It’s been a positive start to the week for the FTSE 100 index, with property development stocks among the top gainers, potentially enjoying a period of release from pent-up demand from homebuyers and retail consumers. Highly sexual.
Financials also rose, with HSBC rising 9% after a Chinese insurance company increased its stake in the bank. Lloyds and NatWest Group both ended the day up more than 7%.
Land securities soar
Leading the way on Monday was Land Securities (LON:LAND), the UK’s largest commercial property development and investment company, with its shares up more than 8.30%.
The rise came even as the company reported consecutive periods of losses and followed many other companies in suspending its dividend to conserve cash amid the ongoing pandemic.
The company’s share price is now up 7.85% or 38.50p to 528.90p as of 28/09/20 12:30 GMT. Current price is 38% lower than today’s price one year ago.
Analysts currently maintain a “hold” stance on the Rand Securities stock, with a 12-month consensus price target of P732.14 per share. It has also been given an “underperform” rating of 54.31% by Marketbeat’s community and has an ap/e ratio of 8.77.

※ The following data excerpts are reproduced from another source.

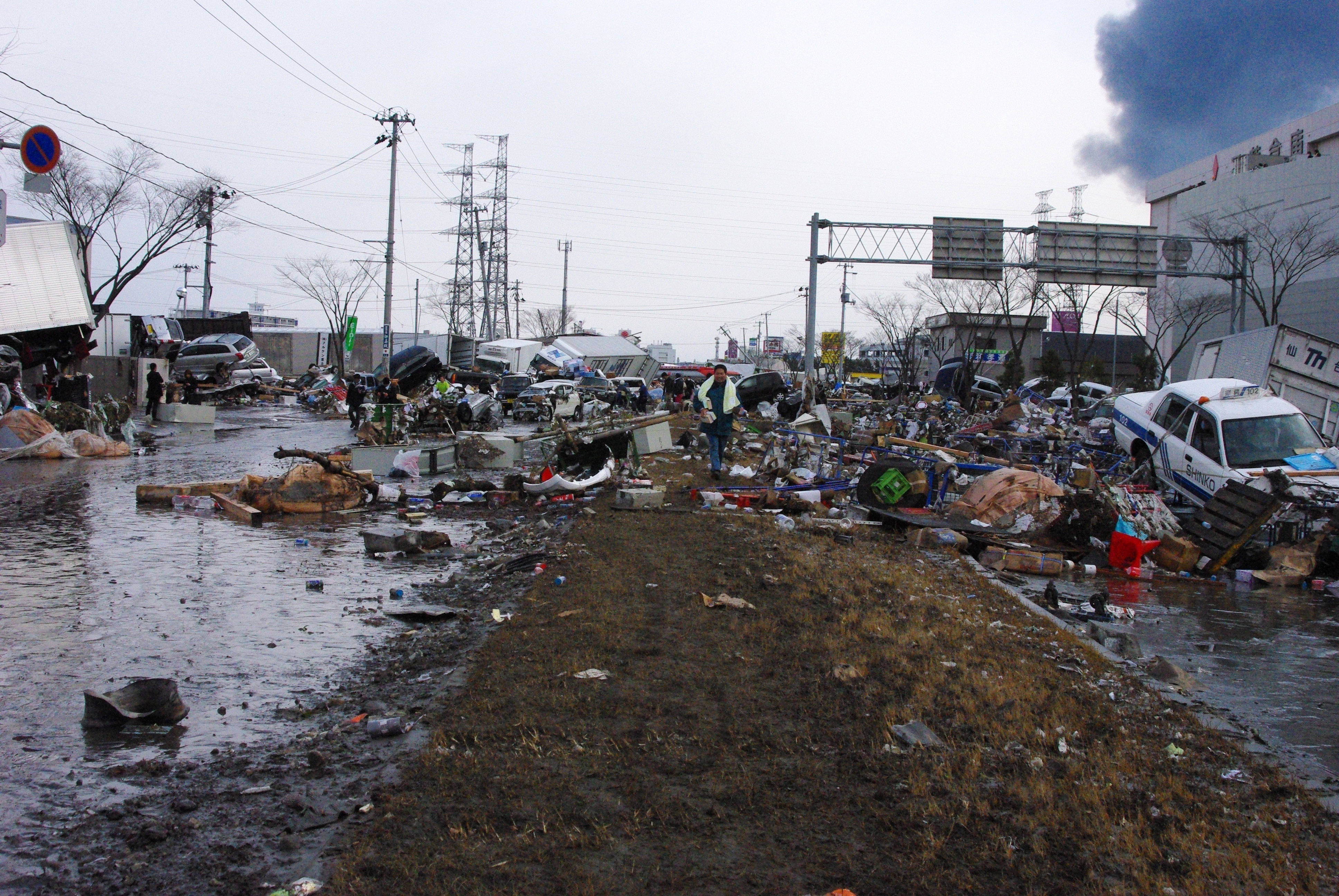 | 解説 | 津波で流された車やがれきが散乱。 |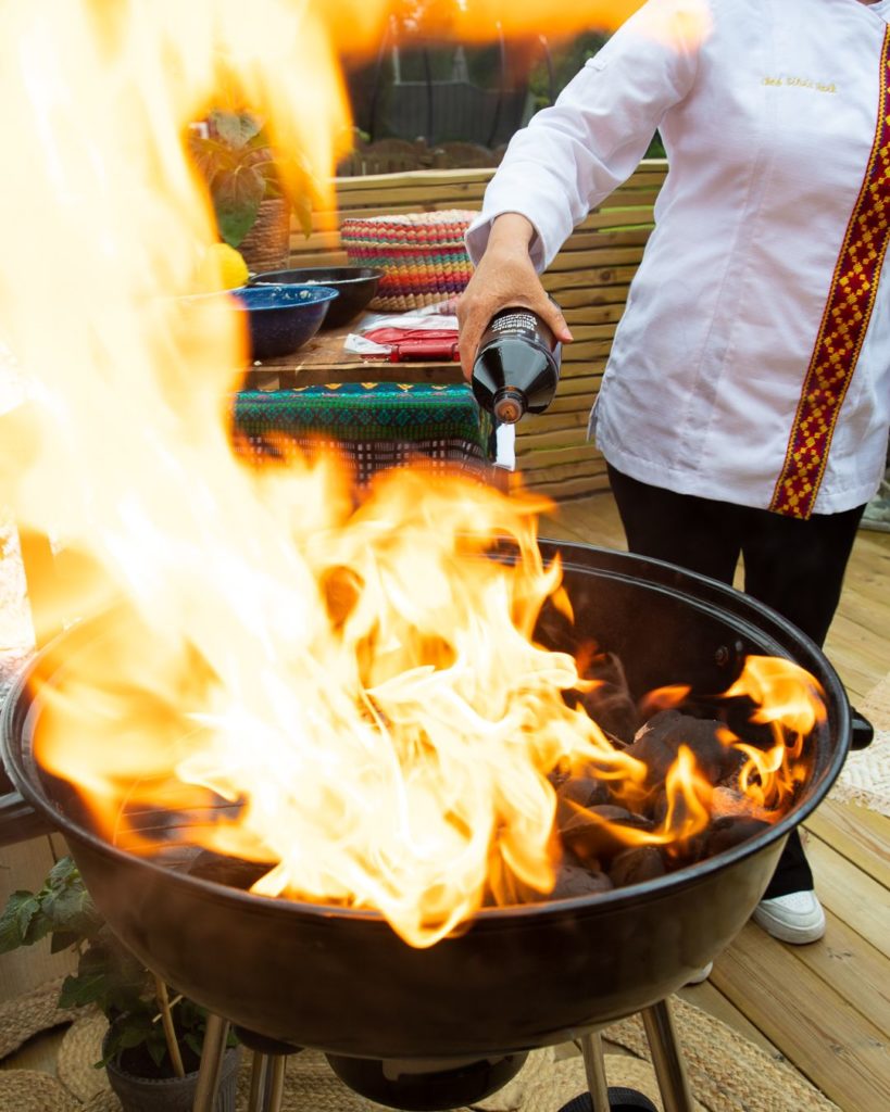 Sylvia har laget tre retter med kylling fra Den Stolte Hane. Her har hun brukt hel kylling, lårfilet og brystfilet. Alt fra salsa, lefser og kylling har blitt laget på kullgrill, for å få den autentiske brente smaken på rettene.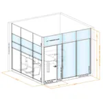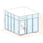 Estimated pricing is for non-powered, non-tackable office panels and metal office doors only, configured as pictured. Blue tinted areas on the 3D schematics indicate glass. Any desks, seating, or storage shown is sold separately.

British Land Company grows rapidly
It was closely followed by fellow commercial property developer British Land Company (LON:BLND), which rebounded 7% on Monday morning.
This follows a similar underwhelming deal update for Land Securities, making it perhaps a difficult time for retail-focused commercial real estate landlords.
The company’s share price has now increased by 6.68% (21.50 pence) to 343.50 pence per share as of 12:30 Pence on September 28, 2020 (Japan time). This price is about 41% below the price on the same day last year.
Again, similar to Land Securities, analysts maintain a ‘hold’ stance on British Land, with an equal number of ‘buy’ and ‘sell’ ratings on either side. . The 12-month consensus price target is 471.62 pence, the MarketBeat community’s rating of “underperform” is 51.57%, and the AP/E ratio is 9.85.
Real estate developer outlook
Despite recent trading being more promising, the Times and FT have both published articles suggesting that recent price optimism is likely to subside in the coming months, with CEBR predicts that real estate prices could fall by up to 14% in 2021.
For commercial property developers, the impending possibility of a second lockdown is bad news as many tenants are waiting for the government to grant them a rent suspension or deferment. Big movers like Theo Paphitis are calling for business rates relief to continue indefinitely, and the growing shift towards digitalisation will also be difficult to manage.